There are variants of rbtrees that allow efficient
read-copy-update (RCU) based reads, but not fine-grained
concurrent writes. So, Chris Mason of Btrfs fame is developing a
skiplist implementation that will allow file systems like Btrfs
and XFS to perform many concurrent updates to their extent indexes.
This article will describe the basic skiplist and what makes this skiplist variant
cache-friendly. In part two, I'll describe the skiplist API and compare the
performance of skiplists to rbtrees.
Basic skiplist
William Pugh first described skiplists in 1990 as a probabilistic alternative
to balanced trees (such as rbtrees) that is simpler, faster, and more
space-efficient. A skiplist is composed of a hierarchy of ordered linked lists, where
each higher level contains a sparser subset of the list below it. The size of
the skiplist decreases at a constant rate for each higher level. For instance,
if level zero has 32 elements and a probability p=0.5 that an element
appears in the next higher level, then level one has 16 elements, level two has eight,
etc. The subset selected for the next higher level is random, but the quantity
of items in the subset isn't random.
By way of analogy, consider an old-fashioned printed dictionary with multiple
search aids built into it. This diagram shows how the different aids are similar
to levels of a skiplist:
At the highest level there are grooves on the edge
of the book that mark sections for each letter, A-Z. The search can continue by
looking at word prefixes centered at the top of each page. Next, guide
words at the top left and right of
each page show the span of words for each page. At the lowest level, a page is
scanned word by word.
A skiplist replicates something like this index structure in a digital form.
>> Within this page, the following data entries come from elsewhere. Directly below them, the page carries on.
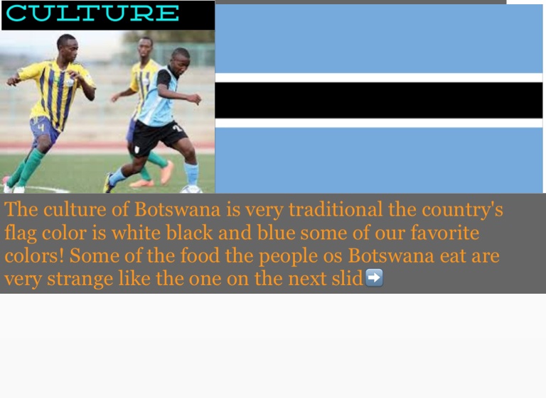 The culture of Botswana is very traditional the country's flag color is white black and blue some of our favorite colors! Some of the food the people os Botswana eat are very strange like the one on the next slid➡️
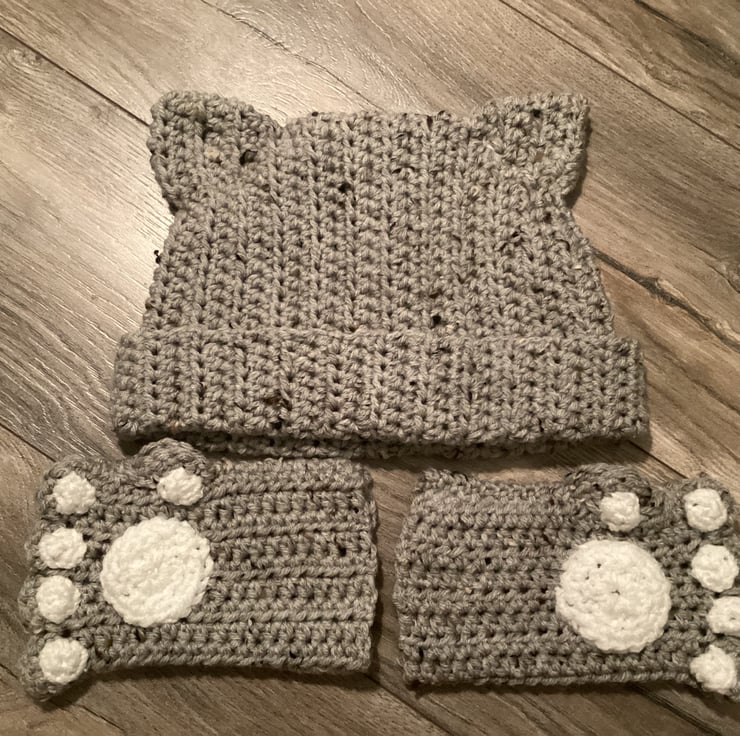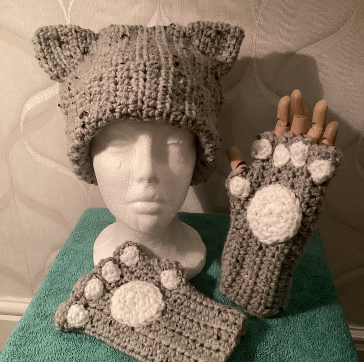 Made with chunky yarn (acrylic/ wool / viscose mix)
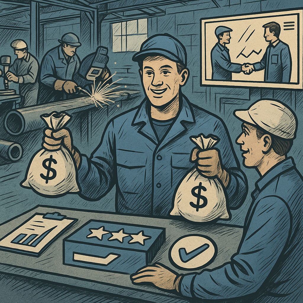 — Мы тут не только за количество платим. Если ты сделал быстро, но клиент потом вернул — нам всем минус. А если успел в срок, без брака, ещё и помог соседу — получишь больше. У нас за это — премия.
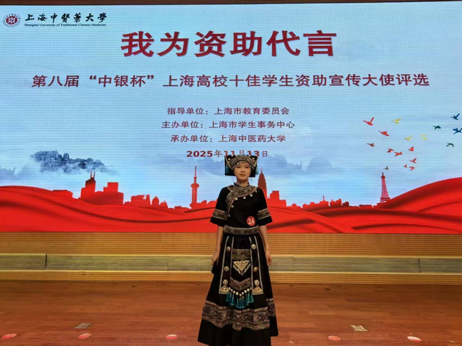 近日,由上海市教育委员会指导,上海市学生事务中心主办的第八届“我为资助代言”上海高校十佳学生资助宣传大使评选活动在上海中医药大学落下帷幕。我校经济与管理学院张宇婷同学凭借精彩的演讲、丰富的资助宣传经历,获得评委一致认可,获评上海高校十佳学生资助宣传大使称号。
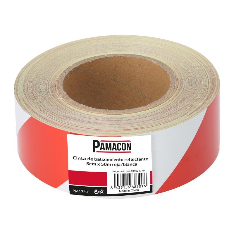CINTA DE BALIZAMIENTO REFLECTANTE ROJA/BLANCA PAMACON 5 CM X 50 METROS

History of kernel skiplists
Josh MacDonald investigated
cache-friendly skiplists
on Linux 2.4 more than a decade ago. His skiplists are more space-efficient than
rbtrees with more than 100 keys, searches are faster after 1,000 keys, and
deletions and insertions at 10,000 keys. He also performed various concurrency
experiments. When Josh posted an
RFC to
the kernel mailing list he presented them as a "solution waiting for
the right problem to come along". At the time, no discussion ensued, but
Chris later became aware of Josh's work during his research.
Unfortunately, Josh's implementation focused on reader/writer locks, which only
allow one writer at a time, and Chris told me that he wanted to use RCU.
Also, Josh's coding style differs from the kernel's and his macros make his code
a little difficult to work with.
Other well-known Linux kernel developers have experimented with skiplists
as well. Con
Kolivas initially thought they would be useful for his
BFS CPU scheduler. Ultimately,
BFS
experienced worse behavior in general when using skiplists,
so Con returned to his previous list structure.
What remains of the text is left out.